Every entry is to be transcribed as it stands. Images stay out.

--------------------------------------------------

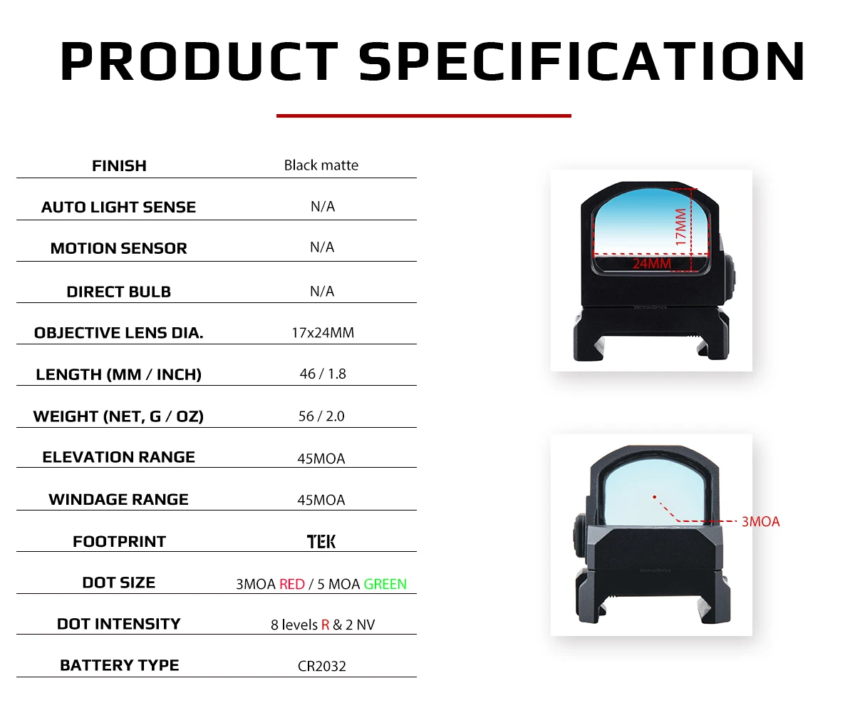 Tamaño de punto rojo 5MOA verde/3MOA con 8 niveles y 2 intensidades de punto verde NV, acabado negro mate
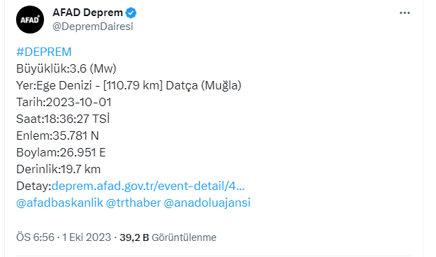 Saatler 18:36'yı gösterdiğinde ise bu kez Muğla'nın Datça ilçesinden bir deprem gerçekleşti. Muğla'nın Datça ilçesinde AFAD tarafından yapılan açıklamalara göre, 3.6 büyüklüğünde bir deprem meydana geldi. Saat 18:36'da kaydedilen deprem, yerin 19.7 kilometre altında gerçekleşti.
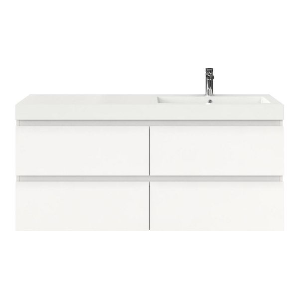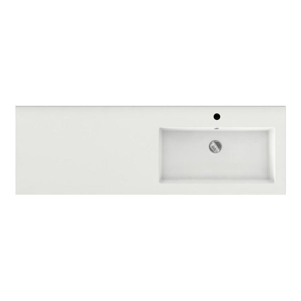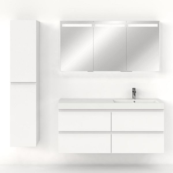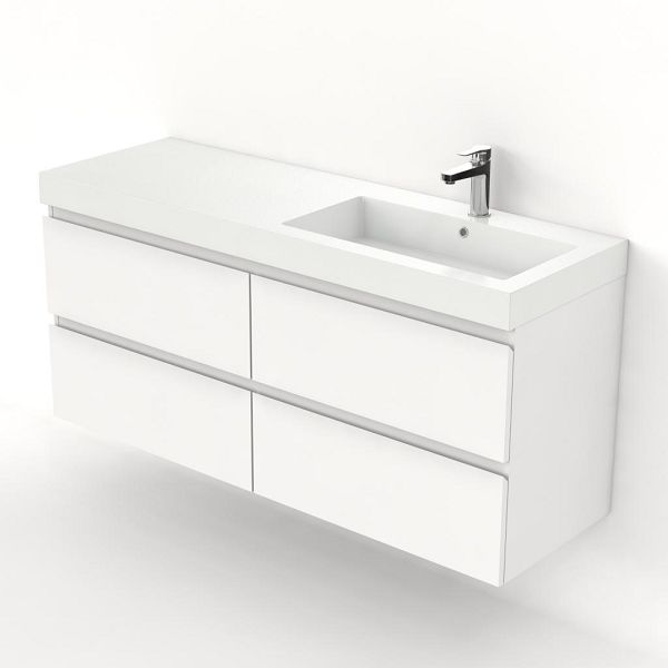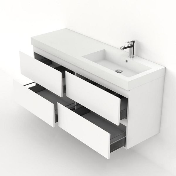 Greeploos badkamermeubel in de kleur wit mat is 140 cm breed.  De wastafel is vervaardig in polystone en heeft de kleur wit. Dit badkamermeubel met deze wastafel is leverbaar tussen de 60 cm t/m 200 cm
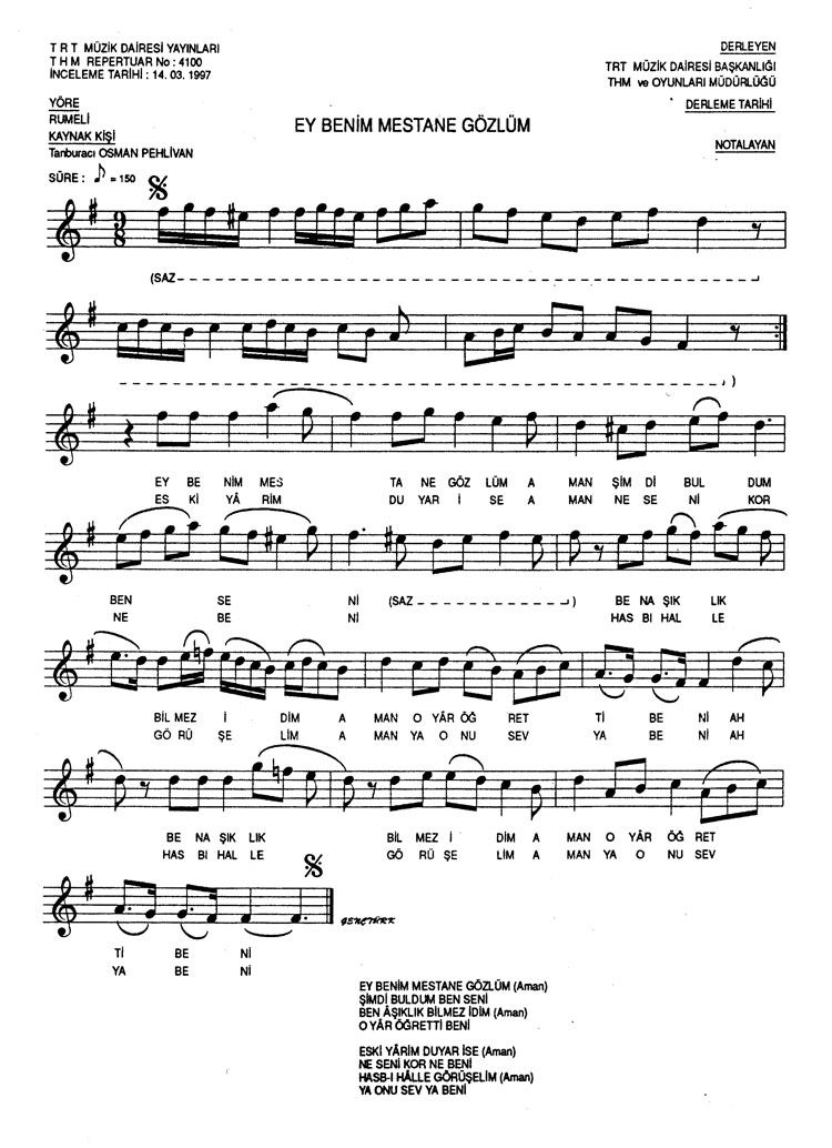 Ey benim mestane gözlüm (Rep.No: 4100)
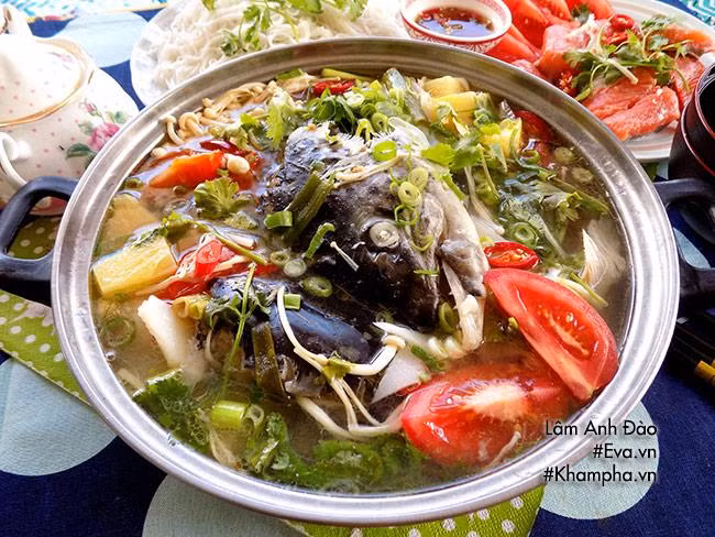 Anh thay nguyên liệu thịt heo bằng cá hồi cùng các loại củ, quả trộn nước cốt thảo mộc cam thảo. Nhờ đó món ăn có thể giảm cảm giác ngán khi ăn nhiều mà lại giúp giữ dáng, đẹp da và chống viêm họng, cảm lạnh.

--------------------------------------------------

* Reply:
 Tamaño de punto rojo 5MOA verde/3MOA con 8 niveles y 2 intensidades de punto verde NV, acabado negro mate
 Saatler 18:36'yı gösterdiğinde ise bu kez Muğla'nın Datça ilçesinden bir deprem gerçekleşti. Muğla'nın Datça ilçesinde AFAD tarafından yapılan açıklamalara göre, 3.6 büyüklüğünde bir deprem meydana geldi. Saat 18:36'da kaydedilen deprem, yerin 19.7 kilometre altında gerçekleşti.
 Greeploos badkamermeubel in de kleur wit mat is 140 cm breed.  De wastafel is vervaardig in polystone en heeft de kleur wit. Dit badkamermeubel met deze wastafel is leverbaar tussen de 60 cm t/m 200 cm
 Ey benim mestane gözlüm (Rep.No: 4100)
 Anh thay nguyên liệu thịt heo bằng cá hồi cùng các loại củ, quả trộn nước cốt thảo mộc cam thảo. Nhờ đó món ăn có thể giảm cảm giác ngán khi ăn nhiều mà lại giúp giữ dáng, đẹp da và chống viêm họng, cảm lạnh.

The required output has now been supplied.